- **WORK ORDER**
From the first line to the last, restate the data exactly, leaving out the images.

- **INFORMATION SUPPLIED**
[Start of section]
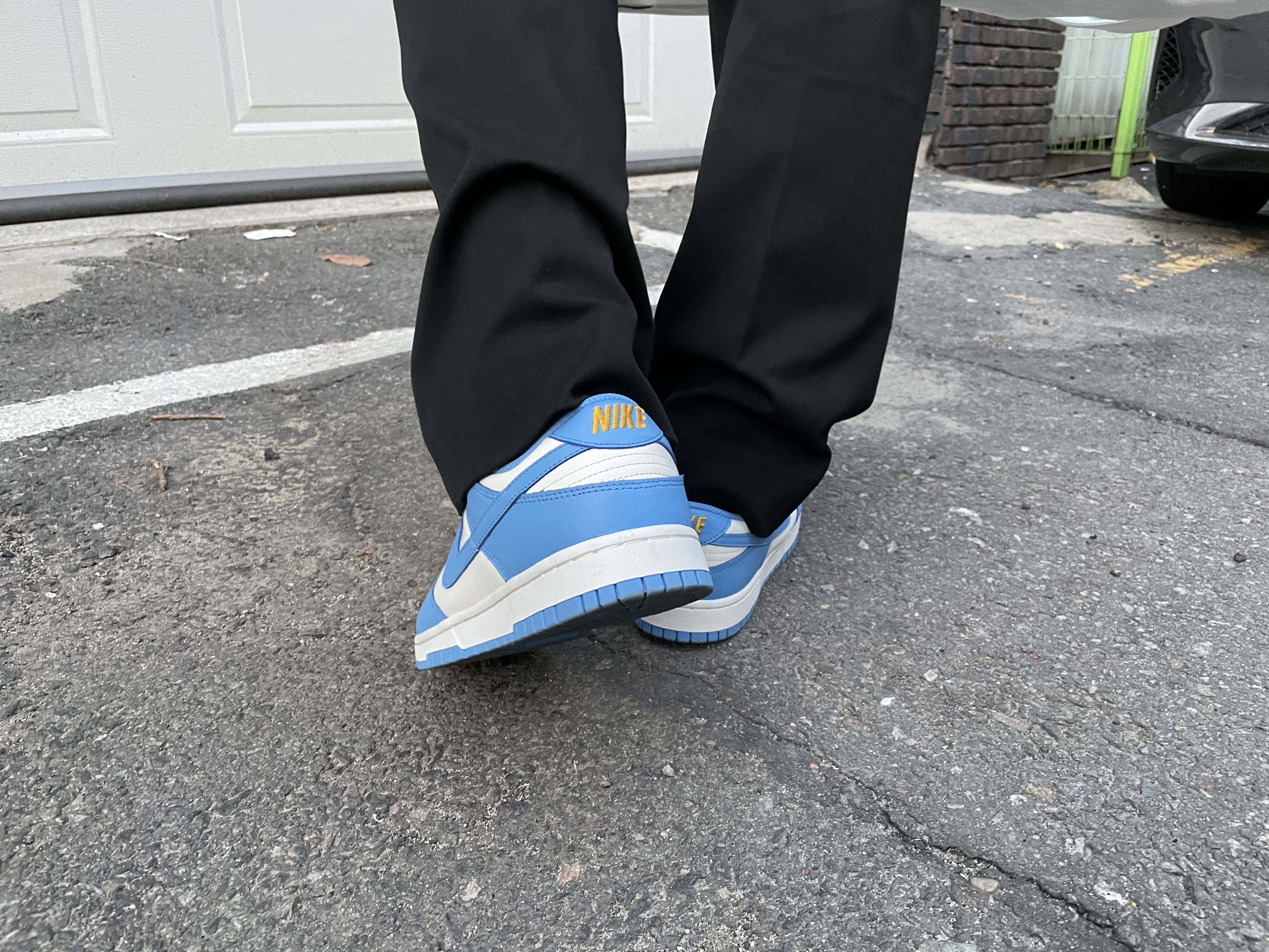 뒤꿈치의 나이키 로고도 골드 컬러로 포인트를 줬네요. 저는 사이즈 275에 당첨되었는데요, 평소 270과 275를 왔다 갔다 하는 제 발에는 275 사이즈의 덩크가 딱 적당한 착용감이었어요.
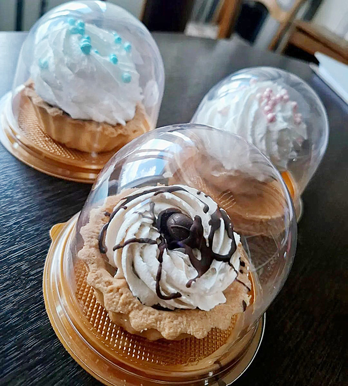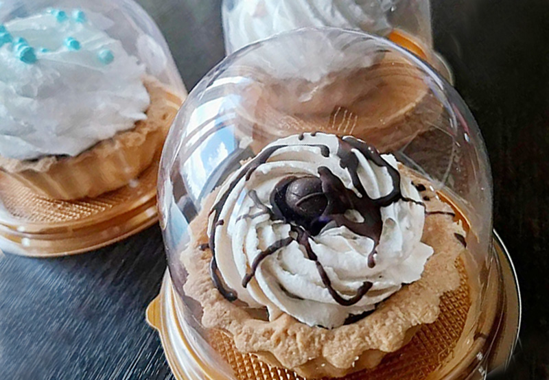 В корзиночке “Кофейный аромат” использован крем на основе растительных сливок с добавлением кондитерской начинки со вкусом капучино. Начинка этого пирожного – десерт “Мягкая карамель с солью”. Украшено изделие шоколадной глазурью и глазурью “Кофейные зерна”.
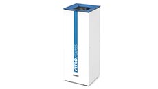 Rectangular litter bin composed of a thick steel sheet supporting structure, closed by steel sheet panel at the rear and by three doors with snap lock at the front. It is equipped with rain cover, three conveyors for the insertion of waste and three bag holder rings for separate collection.
[End of section]
- **SOLUTION TO THIS PROBLEM**
 뒤꿈치의 나이키 로고도 골드 컬러로 포인트를 줬네요. 저는 사이즈 275에 당첨되었는데요, 평소 270과 275를 왔다 갔다 하는 제 발에는 275 사이즈의 덩크가 딱 적당한 착용감이었어요.
 В корзиночке “Кофейный аромат” использован крем на основе растительных сливок с добавлением кондитерской начинки со вкусом капучино. Начинка этого пирожного – десерт “Мягкая карамель с солью”. Украшено изделие шоколадной глазурью и глазурью “Кофейные зерна”.
 Rectangular litter bin composed of a thick steel sheet supporting structure, closed by steel sheet panel at the rear and by three doors with snap lock at the front. It is equipped with rain cover, three conveyors for the insertion of waste and three bag holder rings for separate collection.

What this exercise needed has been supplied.